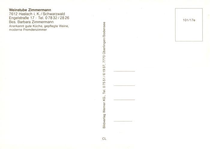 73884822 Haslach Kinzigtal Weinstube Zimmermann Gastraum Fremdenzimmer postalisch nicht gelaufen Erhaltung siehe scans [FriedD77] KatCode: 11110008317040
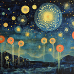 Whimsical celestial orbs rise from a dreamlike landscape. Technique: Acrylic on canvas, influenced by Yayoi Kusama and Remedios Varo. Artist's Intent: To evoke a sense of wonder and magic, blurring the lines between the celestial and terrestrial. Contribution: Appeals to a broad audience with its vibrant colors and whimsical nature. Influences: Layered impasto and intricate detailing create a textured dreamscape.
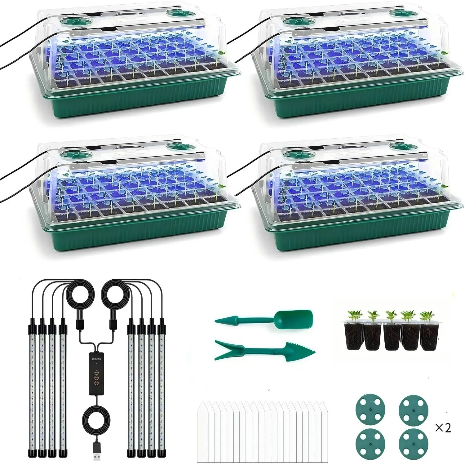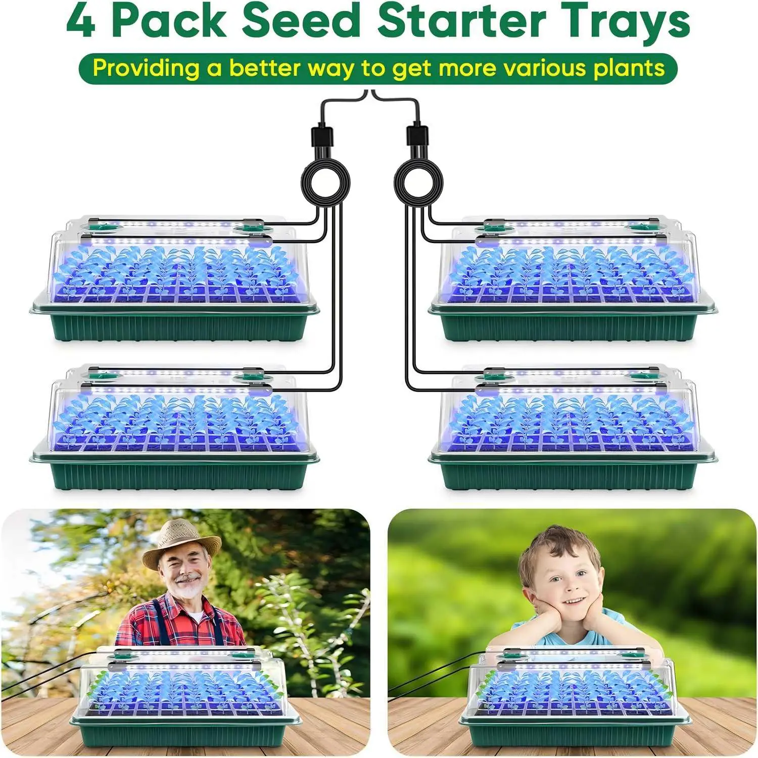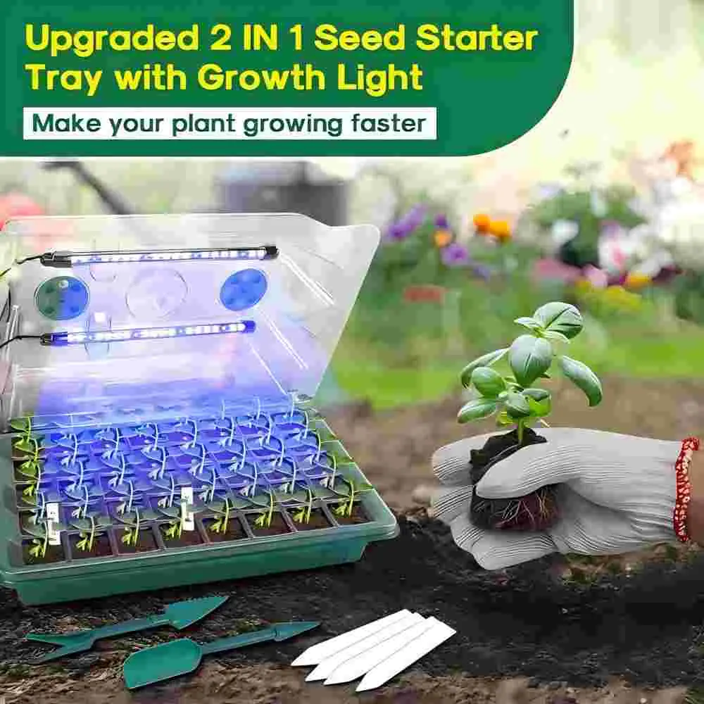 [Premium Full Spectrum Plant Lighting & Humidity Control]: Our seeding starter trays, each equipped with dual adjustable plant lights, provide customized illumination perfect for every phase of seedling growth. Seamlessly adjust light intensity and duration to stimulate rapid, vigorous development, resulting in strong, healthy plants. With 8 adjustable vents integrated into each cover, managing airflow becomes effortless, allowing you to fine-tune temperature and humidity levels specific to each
* * * * *
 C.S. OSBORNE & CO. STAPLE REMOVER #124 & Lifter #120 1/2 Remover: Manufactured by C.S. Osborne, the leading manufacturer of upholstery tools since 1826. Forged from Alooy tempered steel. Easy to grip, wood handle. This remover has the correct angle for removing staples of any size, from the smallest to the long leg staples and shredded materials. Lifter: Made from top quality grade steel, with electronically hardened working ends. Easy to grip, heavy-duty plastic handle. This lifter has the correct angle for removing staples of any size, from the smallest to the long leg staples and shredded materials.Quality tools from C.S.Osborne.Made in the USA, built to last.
* * * * *
Work instruction: Leave out the images and write out the lines above exactly, from the one with "Whimsical celestial orbs" up to and including the one with "[Premium Full Spectrum".

Exercise response:
 Whimsical celestial orbs rise from a dreamlike landscape. Technique: Acrylic on canvas, influenced by Yayoi Kusama and Remedios Varo. Artist's Intent: To evoke a sense of wonder and magic, blurring the lines between the celestial and terrestrial. Contribution: Appeals to a broad audience with its vibrant colors and whimsical nature. Influences: Layered impasto and intricate detailing create a textured dreamscape.
 [Premium Full Spectrum Plant Lighting & Humidity Control]: Our seeding starter trays, each equipped with dual adjustable plant lights, provide customized illumination perfect for every phase of seedling growth. Seamlessly adjust light intensity and duration to stimulate rapid, vigorous development, resulting in strong, healthy plants. With 8 adjustable vents integrated into each cover, managing airflow becomes effortless, allowing you to fine-tune temperature and humidity levels specific to each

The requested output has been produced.